_RECORDS PROVIDED_:
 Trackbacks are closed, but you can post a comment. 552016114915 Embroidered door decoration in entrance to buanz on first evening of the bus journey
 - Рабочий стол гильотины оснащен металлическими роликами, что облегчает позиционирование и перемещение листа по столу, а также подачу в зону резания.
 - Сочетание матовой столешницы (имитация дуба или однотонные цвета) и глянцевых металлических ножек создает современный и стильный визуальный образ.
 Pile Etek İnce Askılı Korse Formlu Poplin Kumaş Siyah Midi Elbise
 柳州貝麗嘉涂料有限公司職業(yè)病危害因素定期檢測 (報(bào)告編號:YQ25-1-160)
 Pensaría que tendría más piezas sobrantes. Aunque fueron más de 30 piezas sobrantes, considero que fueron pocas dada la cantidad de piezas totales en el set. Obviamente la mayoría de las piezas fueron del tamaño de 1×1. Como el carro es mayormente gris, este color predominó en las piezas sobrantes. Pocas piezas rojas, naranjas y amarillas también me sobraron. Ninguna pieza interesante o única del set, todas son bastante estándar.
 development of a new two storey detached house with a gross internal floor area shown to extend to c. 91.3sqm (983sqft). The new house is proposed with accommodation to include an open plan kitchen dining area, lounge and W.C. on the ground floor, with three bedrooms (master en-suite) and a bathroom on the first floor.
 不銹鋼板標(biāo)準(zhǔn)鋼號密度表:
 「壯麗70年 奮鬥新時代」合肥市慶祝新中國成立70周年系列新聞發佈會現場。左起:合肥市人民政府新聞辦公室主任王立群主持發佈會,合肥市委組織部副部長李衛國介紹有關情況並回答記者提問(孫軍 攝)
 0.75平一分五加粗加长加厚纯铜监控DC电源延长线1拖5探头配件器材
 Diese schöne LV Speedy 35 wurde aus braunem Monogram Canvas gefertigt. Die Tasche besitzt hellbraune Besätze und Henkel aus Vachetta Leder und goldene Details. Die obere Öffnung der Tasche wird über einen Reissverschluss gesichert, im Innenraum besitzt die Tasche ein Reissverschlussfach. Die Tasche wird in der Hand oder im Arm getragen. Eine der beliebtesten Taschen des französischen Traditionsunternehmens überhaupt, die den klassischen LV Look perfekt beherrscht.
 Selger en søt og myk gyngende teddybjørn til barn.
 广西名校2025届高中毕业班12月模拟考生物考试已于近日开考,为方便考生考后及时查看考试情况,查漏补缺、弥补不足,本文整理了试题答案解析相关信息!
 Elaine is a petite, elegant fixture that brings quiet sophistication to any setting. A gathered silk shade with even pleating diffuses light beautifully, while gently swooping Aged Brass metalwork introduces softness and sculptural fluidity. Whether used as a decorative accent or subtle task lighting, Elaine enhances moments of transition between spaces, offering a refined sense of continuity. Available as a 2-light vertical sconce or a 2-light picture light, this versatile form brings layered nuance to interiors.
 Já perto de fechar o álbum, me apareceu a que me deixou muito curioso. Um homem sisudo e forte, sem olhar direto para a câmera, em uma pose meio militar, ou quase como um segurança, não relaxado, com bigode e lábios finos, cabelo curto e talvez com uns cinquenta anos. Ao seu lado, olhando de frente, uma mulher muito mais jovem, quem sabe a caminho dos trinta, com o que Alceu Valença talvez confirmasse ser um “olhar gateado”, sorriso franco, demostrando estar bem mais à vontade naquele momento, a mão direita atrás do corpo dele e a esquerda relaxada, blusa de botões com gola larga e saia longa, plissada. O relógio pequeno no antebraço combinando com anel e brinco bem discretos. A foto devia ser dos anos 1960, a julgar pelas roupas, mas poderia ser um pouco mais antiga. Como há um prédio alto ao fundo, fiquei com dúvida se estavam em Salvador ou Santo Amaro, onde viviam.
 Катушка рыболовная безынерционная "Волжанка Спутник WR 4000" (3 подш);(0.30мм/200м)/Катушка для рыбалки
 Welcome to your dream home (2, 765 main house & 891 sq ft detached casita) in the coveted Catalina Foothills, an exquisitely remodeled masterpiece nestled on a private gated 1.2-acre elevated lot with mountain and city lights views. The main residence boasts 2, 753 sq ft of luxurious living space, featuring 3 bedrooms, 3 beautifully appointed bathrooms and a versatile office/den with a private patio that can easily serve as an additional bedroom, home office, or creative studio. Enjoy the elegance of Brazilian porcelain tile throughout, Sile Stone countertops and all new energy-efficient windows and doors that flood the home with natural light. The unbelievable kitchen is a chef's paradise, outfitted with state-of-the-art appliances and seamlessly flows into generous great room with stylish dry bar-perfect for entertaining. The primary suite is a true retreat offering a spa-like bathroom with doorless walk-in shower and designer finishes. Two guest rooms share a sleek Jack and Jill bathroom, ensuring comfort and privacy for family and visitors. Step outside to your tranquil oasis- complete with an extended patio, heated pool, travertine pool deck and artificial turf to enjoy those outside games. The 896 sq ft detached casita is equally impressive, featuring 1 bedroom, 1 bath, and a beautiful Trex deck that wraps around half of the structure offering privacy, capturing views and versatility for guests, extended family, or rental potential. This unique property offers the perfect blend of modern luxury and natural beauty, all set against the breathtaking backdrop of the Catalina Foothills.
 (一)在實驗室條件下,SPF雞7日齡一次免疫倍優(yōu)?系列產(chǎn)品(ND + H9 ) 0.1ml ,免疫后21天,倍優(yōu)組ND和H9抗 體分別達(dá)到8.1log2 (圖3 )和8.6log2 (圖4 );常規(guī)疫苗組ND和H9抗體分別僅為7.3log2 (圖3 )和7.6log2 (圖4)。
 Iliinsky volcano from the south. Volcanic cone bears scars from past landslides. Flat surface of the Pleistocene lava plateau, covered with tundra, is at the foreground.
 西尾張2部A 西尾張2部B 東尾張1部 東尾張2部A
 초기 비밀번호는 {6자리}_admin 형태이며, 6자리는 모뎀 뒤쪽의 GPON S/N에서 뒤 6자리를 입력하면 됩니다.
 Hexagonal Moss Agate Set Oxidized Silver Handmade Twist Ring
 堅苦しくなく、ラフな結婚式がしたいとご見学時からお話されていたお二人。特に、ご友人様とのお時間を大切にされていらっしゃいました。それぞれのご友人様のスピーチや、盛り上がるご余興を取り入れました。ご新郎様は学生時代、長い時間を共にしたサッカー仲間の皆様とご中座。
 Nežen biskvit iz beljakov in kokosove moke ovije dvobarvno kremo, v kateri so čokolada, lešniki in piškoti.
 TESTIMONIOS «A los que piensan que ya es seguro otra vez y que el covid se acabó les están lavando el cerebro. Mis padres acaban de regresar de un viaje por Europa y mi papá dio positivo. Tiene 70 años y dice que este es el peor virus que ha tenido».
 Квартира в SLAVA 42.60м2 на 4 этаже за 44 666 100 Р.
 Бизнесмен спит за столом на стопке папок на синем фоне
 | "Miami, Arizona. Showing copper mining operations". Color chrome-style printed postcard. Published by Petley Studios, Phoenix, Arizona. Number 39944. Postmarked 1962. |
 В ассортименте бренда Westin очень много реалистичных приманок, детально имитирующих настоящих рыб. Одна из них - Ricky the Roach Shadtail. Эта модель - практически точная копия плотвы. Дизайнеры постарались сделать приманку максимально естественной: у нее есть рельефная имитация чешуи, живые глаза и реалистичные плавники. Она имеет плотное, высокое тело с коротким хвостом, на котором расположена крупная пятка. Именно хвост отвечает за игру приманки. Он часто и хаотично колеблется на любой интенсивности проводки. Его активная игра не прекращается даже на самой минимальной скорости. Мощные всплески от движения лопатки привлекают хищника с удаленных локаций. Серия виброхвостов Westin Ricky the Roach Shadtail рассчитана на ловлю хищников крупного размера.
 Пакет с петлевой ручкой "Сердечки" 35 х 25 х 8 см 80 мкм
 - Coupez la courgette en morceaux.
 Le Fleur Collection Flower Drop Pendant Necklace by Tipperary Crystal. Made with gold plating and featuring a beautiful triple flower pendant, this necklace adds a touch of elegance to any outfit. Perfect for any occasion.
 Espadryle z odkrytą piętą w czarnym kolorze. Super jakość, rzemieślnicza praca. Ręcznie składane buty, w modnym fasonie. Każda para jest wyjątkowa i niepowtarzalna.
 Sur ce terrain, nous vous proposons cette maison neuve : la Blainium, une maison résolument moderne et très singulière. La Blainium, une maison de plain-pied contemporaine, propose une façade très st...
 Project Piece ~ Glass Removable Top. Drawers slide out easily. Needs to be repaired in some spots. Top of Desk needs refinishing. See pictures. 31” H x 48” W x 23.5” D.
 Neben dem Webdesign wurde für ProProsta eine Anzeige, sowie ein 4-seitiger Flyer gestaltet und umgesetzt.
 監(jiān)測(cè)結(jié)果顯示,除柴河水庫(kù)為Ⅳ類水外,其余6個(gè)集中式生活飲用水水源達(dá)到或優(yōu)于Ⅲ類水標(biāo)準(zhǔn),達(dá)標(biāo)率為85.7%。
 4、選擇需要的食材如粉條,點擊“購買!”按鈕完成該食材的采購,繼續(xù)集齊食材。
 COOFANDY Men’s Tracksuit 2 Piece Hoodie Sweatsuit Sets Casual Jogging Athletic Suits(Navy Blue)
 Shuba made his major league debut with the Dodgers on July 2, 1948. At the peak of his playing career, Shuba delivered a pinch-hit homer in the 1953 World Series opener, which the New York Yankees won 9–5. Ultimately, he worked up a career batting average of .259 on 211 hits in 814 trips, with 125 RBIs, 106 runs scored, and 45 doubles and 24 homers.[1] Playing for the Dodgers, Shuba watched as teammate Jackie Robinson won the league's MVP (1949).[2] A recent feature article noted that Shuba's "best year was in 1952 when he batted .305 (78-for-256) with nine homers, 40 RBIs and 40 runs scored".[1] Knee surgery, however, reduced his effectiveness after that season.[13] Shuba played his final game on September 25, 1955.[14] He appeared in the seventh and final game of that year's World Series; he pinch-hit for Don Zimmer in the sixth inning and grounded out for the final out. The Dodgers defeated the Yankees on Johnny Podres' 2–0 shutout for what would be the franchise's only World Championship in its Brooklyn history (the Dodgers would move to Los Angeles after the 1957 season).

_WHAT THE TASK ASKS_: In the data above, find the line with "Hexagonal Moss Agate" and the line with "Espadryle z odkrytą". Retype both, plus every line between them, exactly.

_FINAL ANSWER_:
 Hexagonal Moss Agate Set Oxidized Silver Handmade Twist Ring
 堅苦しくなく、ラフな結婚式がしたいとご見学時からお話されていたお二人。特に、ご友人様とのお時間を大切にされていらっしゃいました。それぞれのご友人様のスピーチや、盛り上がるご余興を取り入れました。ご新郎様は学生時代、長い時間を共にしたサッカー仲間の皆様とご中座。
 Nežen biskvit iz beljakov in kokosove moke ovije dvobarvno kremo, v kateri so čokolada, lešniki in piškoti.
 TESTIMONIOS «A los que piensan que ya es seguro otra vez y que el covid se acabó les están lavando el cerebro. Mis padres acaban de regresar de un viaje por Europa y mi papá dio positivo. Tiene 70 años y dice que este es el peor virus que ha tenido».
 Квартира в SLAVA 42.60м2 на 4 этаже за 44 666 100 Р.
 Бизнесмен спит за столом на стопке папок на синем фоне
 | "Miami, Arizona. Showing copper mining operations". Color chrome-style printed postcard. Published by Petley Studios, Phoenix, Arizona. Number 39944. Postmarked 1962. |
 В ассортименте бренда Westin очень много реалистичных приманок, детально имитирующих настоящих рыб. Одна из них - Ricky the Roach Shadtail. Эта модель - практически точная копия плотвы. Дизайнеры постарались сделать приманку максимально естественной: у нее есть рельефная имитация чешуи, живые глаза и реалистичные плавники. Она имеет плотное, высокое тело с коротким хвостом, на котором расположена крупная пятка. Именно хвост отвечает за игру приманки. Он часто и хаотично колеблется на любой интенсивности проводки. Его активная игра не прекращается даже на самой минимальной скорости. Мощные всплески от движения лопатки привлекают хищника с удаленных локаций. Серия виброхвостов Westin Ricky the Roach Shadtail рассчитана на ловлю хищников крупного размера.
 Пакет с петлевой ручкой "Сердечки" 35 х 25 х 8 см 80 мкм
 - Coupez la courgette en morceaux.
 Le Fleur Collection Flower Drop Pendant Necklace by Tipperary Crystal. Made with gold plating and featuring a beautiful triple flower pendant, this necklace adds a touch of elegance to any outfit. Perfect for any occasion.
 Espadryle z odkrytą piętą w czarnym kolorze. Super jakość, rzemieślnicza praca. Ręcznie składane buty, w modnym fasonie. Każda para jest wyjątkowa i niepowtarzalna.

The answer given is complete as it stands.